John Roach, the mayor's spokesman, said Thursday that he didn't believe a challenge like this had been mounted at least since Coleman Young was mayor and the city looked about to dip below a million residents. After a challenge there, the Census Bureau raised the city's population estimate from 970,000 to over one million. Other counts have been taken largely "at face value," he said.

It is difficult to estimate the demographic characteristics of those not counted, experts say, but other research indicates that it tends to be populations of color and poorer people that are undercounted.

Duggan on Thursday invited two Census workers to speak to their experience as part of the counting. Clois Foster, who was a census captain for the city before becoming an enumerator for the federal government, said she was doing proxy counts after a single knock even though the bureau’s policy is to knock between three and six times.

“I was doing a lot of guessing as far as trying to get a good count,” said Foster, a Detroit resident. “That’s not a good way to get a good count, guessing.”

U.S. Census enumerators Clois Foster, left, and Brenda Jett, both of Detroit, discuss the 2020 census count, Thursday afternoon, December 16, 2021. Researchers at the University of Michigan and Wayne State University discuss new evidence suggesting a consequential undercount of Detroit's population in the 2020 census, during a press conference at the U-M Detroit Center on Woodward in Detroit.

She said she was sent to outlying suburbs of the city and asked to go out of state even though she knew Detroit wasn’t accurately counted yet. Foster said she knew how many dollars were at stake if things weren't counted correctly, which is part of the reason it frustrated her to feel like the work was incomplete.

Brenda Jett, another enumerator, detailed technology problems that made it difficult to track even the places where census workers were able to visit. From using small smartphones to frozen databases that made it impossible to do any of the required work, she said it was difficult to help count Detroit even before she was offered hundreds of dollars to work in other cities instead.

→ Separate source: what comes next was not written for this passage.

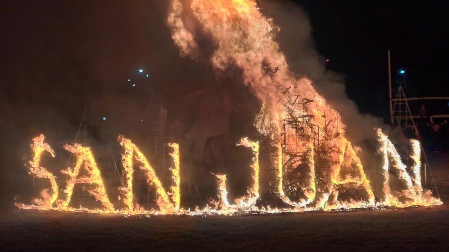 Cada año, la fogata propone nuevos atractivos en el encendido. En esta oportunidad, fue a través de impactantes letras gigantes de «San Juan» adelante de la gran pira, que se encendió al caer la noche. Los muñecos de las instituciones se colocaron y por la votación popular, por tercer año consecutivo, fue salvado el de la Escuela Media Nº 210.
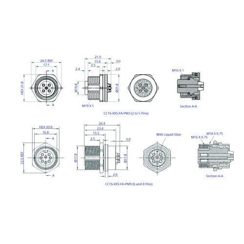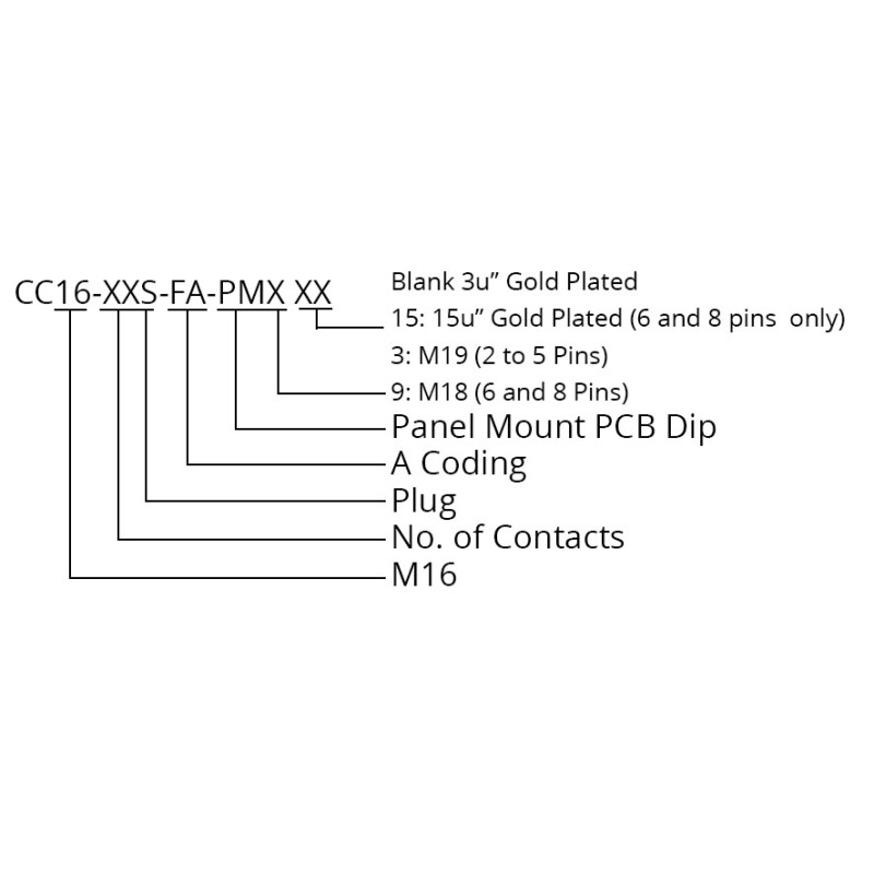 The SCA16-XXSFAX-XXXX is an M16 socket cable assembly which comes as standard with a stub end. The front fastening connector is available in an A coding and with 2 to 8 pin options. The connector is supplied with either an M18 or M19 nut, depending on the number of pins. The assembly can be supplied to your required length or can be made into a bespoke assembly with terminations of your choice to the other end.

"We really need every dollar," she said. "There are so many services that come our way because of the census. It's not just something that you get that one year — it goes on for 10, 15 years some of the things we get."

The 2020 release marked the seventh-straight population decline for the city since 1950, when census numbers put Detroit at nearly 1.85 million residents. The city fell from the 24th largest city in the country to 27th in 2020, coming in behind Oklahoma City, Boston, Portland and Las Vegas.

Duggan said in August, when Census numbers were released, that he believed the city was undercounted. He pointed to numbers from DTE Energy, that noted there were nearly 280,000 residential households paying electric bills but that census figures showed the city had only 254,000 occupied households. 

The mayor said there was not a precedent where there was an undercount done "in such an intentional way." Morenoff said that he felt the undercount was "egregious" and was so far off that it "did not happen by chance."

He said researchers found that even in some of Detroit's most stable neighborhoods, there were red flags because "it didn't seem at all possible that you would see vacancy rates jump up as high as they did in some of these areas." The trend was even worse in less stable neighborhoods, he added.

It is possible certain neighborhoods were overcounted, Morenoff told The News, making him reluctant to say whether the entire city was undercounted by 8%. But he said he hopes to learn more if funding comes through for the research to continue.

The city is appealing to the Department of Commerce, Duggan said, and if that does not work, the city plans to go to federal court over the undercount. He said he expects a revision to the final number. Duggan doesn't want to sue the federal government, he said, but that he wanted to see a correction to "a terrible injustice."

"We need to make sure this doesn't happen in America again," Duggan said.